Before

After

Why I Decided to Redesign
My blog has been running on the Flex theme for Pelican for years. It worked fine, but it was looking dated. The fixed left sidebar with the blue background and orange accents wasn't exactly what I wanted anymore. I wanted something dark, modern and technical-looking, something that felt more like it belonged to a DevOps engineer.
Manually rewriting all the Jinja2 templates, LESS stylesheets and JavaScript for dark/light mode switching sounded like a miserable way to spend my time. So I let Claude Code do it instead.
Tools
I used Claude Code with the Superpowers skill. Superpowers gives you a structured workflow for complex tasks: brainstorming with a visual companion that serves mockups to your browser, a design spec, an implementation plan, and then subagent-driven development where specialized agents handle each task.
I forked the Flex theme to my own repo so I could gut-renovate it without affecting upstream.
Brainstorming
The Superpowers brainstorming skill started a local web server and served interactive mockups directly to my browser. I got visual options for:
- Layout - top navigation bar vs sidebar vs minimal header
- Visual mood - dark & technical vs clean & bright vs gradient
- Homepage - compact list vs card grid vs expanded list
- Theme mode - dark only vs dark default with light toggle
Each option was a clickable card in the browser. I picked what I liked and moved on. No back and forth trying to describe what I wanted in words.
Design
After brainstorming, Claude produced a full visual mockup of the homepage and article page. I reviewed it in the browser and gave feedback. Things like "font size is too small" and "where are the social icons?" got fixed in real-time iterations.
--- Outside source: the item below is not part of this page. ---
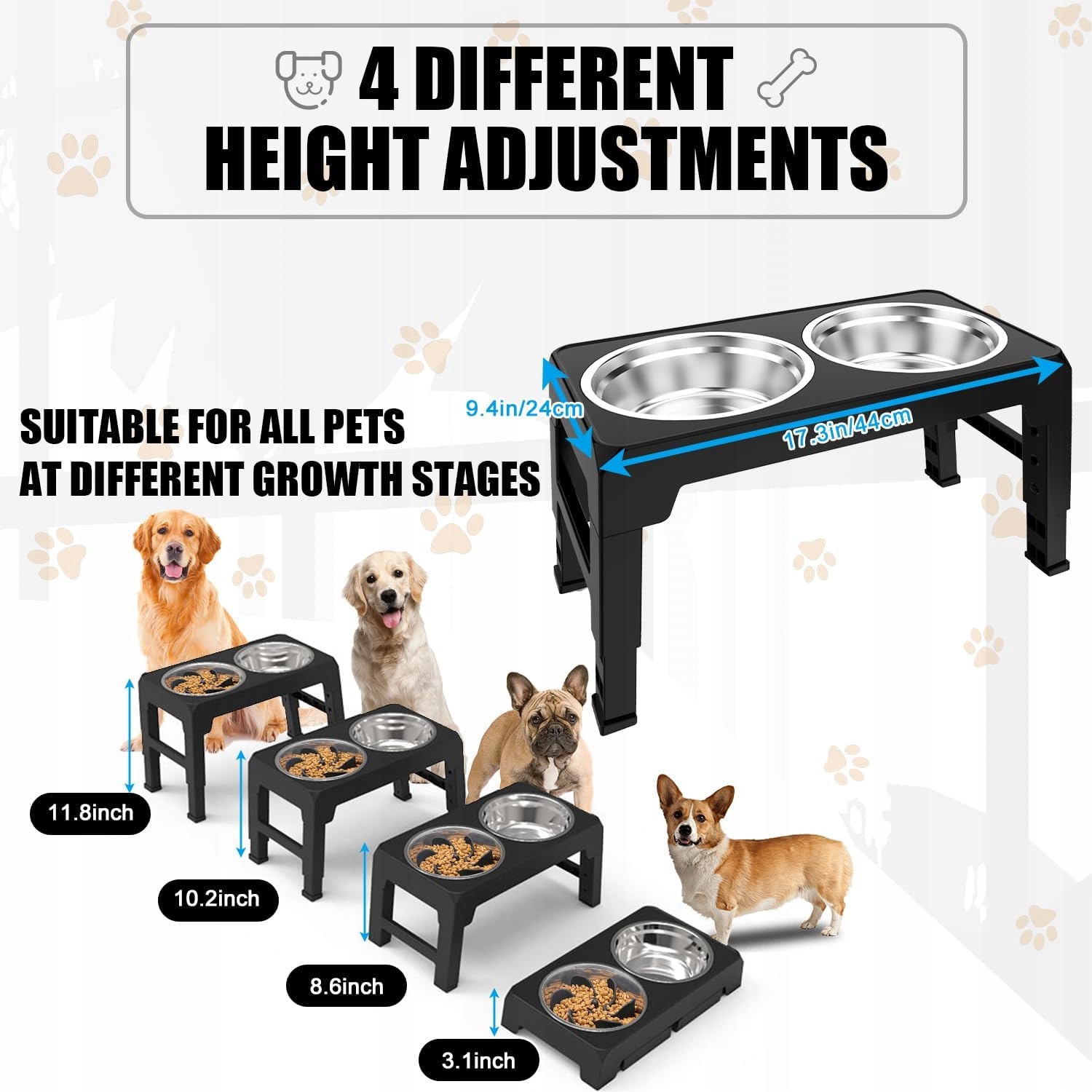 ✨nasze podwyższone isski dla psów wykonane są ze stali nierdzewnej, bezpieczne dla psa, odporna na zachlapanie miska na wodę dla psa może by regulowan , 4 разных высоты, чтобы расти с собакой от щенка до старшего. Регулируя разные высоты

The design spec covered color palettes for dark and light modes, typography, code block styling, navigation, footer, and all the Pelican integrations that needed to stay working (Disqus, Google Analytics, AbuseIPDB badge, sitemap, etc).
Implementation
The plan had 14 tasks across 3 chunks:
- Config & CSS - update
pelicanconf.py, rewrite all three LESS files - Templates - new top navigation, rewrite
base.html,index.html,article.htmland all supporting templates - Build & verify - build locally and fix issues
Subagent-driven development dispatched agents for each chunk. One agent rewrote the CSS, another handled all the templates.
What Changed
Layout - the fixed left sidebar is gone. Replaced by a slim top navigation bar with profile image, nav links, social icons and a dark/light theme toggle.
Colors - blue sidebar and orange accents replaced by a
GitHub-inspired dark palette (#0d1117 background, #58a6ff
accent blue), with a proper light mode that respects system
preferences.
Code blocks - custom syntax highlighting colors for both themes, a copy-to-clipboard button on every block, and better contrast against the page background.
Homepage - full article summaries with "Continue reading" buttons replaced by a clean list with title, summary snippet, colored category badge, date and read time.
Tags - each tag gets a unique color cycling through red, blue, purple, green, yellow, orange, teal and pink.
Other stuff - About page in the nav, card-style prev/next navigation, responsive mobile layout, less.js updated from 2.5.1 to 4.2.0.
Things That Went Wrong
It wasn't all smooth sailing.
Client-side LESS compilation broke the dark/light toggle. The old less.js version didn't handle separate stylesheet toggling properly, so we had to move all light mode overrides into the main stylesheet using LESS mixins instead.
Pygments inline styles made it impossible to have different syntax highlighting colors per theme, since the colors were baked into the HTML. Switching to CSS class-based highlighting fixed it.
The Stack Overflow SVG icon was an absolute disaster. After multiple failed attempts at getting it to render properly at small sizes, I just removed it.
Result
The whole redesign, from brainstorming to deployment, happened in a single Claude Code session. The blog went from a generic Flex theme to a custom design that actually looks good. The Superpowers skill kept things structured even when I was giving some pretty aggressive feedback along the way.